Dataset content:
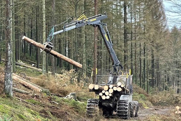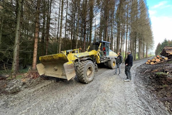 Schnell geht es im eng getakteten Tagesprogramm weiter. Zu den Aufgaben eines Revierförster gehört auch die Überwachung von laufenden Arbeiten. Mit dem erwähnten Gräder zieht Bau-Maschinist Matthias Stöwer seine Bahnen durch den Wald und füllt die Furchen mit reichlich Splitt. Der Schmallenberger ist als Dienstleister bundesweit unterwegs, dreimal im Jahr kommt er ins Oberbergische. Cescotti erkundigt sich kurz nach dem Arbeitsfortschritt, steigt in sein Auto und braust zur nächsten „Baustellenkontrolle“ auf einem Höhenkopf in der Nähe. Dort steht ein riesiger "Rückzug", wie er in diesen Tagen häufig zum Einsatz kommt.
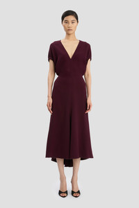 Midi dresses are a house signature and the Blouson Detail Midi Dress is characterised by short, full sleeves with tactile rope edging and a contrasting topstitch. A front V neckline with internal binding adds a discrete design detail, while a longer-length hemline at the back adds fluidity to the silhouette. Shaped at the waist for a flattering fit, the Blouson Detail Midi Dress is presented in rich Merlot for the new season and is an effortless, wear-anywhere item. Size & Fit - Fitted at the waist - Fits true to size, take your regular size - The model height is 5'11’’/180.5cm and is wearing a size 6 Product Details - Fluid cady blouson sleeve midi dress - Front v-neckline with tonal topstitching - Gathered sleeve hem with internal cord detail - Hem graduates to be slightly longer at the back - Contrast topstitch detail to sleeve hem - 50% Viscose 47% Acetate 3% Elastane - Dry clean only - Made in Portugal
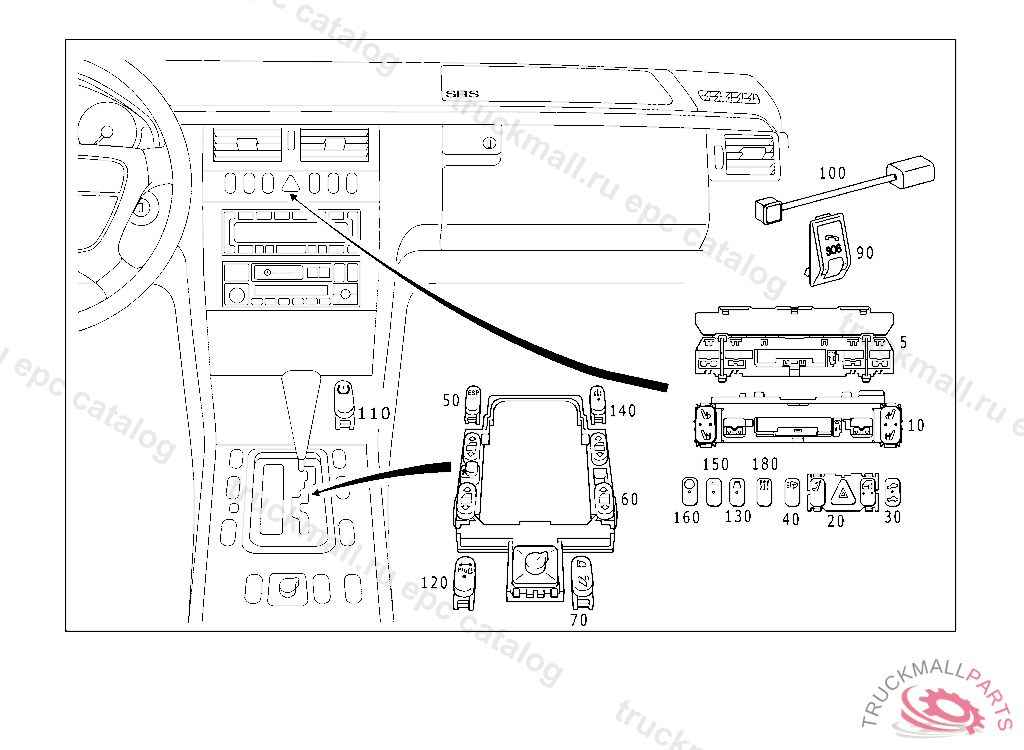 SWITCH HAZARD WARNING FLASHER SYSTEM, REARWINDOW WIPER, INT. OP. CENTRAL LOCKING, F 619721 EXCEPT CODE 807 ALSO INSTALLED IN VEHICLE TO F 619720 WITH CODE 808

Required action: Without the pictures, write out every line above exactly as it appears.

Answer:
 Schnell geht es im eng getakteten Tagesprogramm weiter. Zu den Aufgaben eines Revierförster gehört auch die Überwachung von laufenden Arbeiten. Mit dem erwähnten Gräder zieht Bau-Maschinist Matthias Stöwer seine Bahnen durch den Wald und füllt die Furchen mit reichlich Splitt. Der Schmallenberger ist als Dienstleister bundesweit unterwegs, dreimal im Jahr kommt er ins Oberbergische. Cescotti erkundigt sich kurz nach dem Arbeitsfortschritt, steigt in sein Auto und braust zur nächsten „Baustellenkontrolle“ auf einem Höhenkopf in der Nähe. Dort steht ein riesiger "Rückzug", wie er in diesen Tagen häufig zum Einsatz kommt.
 Midi dresses are a house signature and the Blouson Detail Midi Dress is characterised by short, full sleeves with tactile rope edging and a contrasting topstitch. A front V neckline with internal binding adds a discrete design detail, while a longer-length hemline at the back adds fluidity to the silhouette. Shaped at the waist for a flattering fit, the Blouson Detail Midi Dress is presented in rich Merlot for the new season and is an effortless, wear-anywhere item. Size & Fit - Fitted at the waist - Fits true to size, take your regular size - The model height is 5'11’’/180.5cm and is wearing a size 6 Product Details - Fluid cady blouson sleeve midi dress - Front v-neckline with tonal topstitching - Gathered sleeve hem with internal cord detail - Hem graduates to be slightly longer at the back - Contrast topstitch detail to sleeve hem - 50% Viscose 47% Acetate 3% Elastane - Dry clean only - Made in Portugal
 SWITCH HAZARD WARNING FLASHER SYSTEM, REARWINDOW WIPER, INT. OP. CENTRAL LOCKING, F 619721 EXCEPT CODE 807 ALSO INSTALLED IN VEHICLE TO F 619720 WITH CODE 808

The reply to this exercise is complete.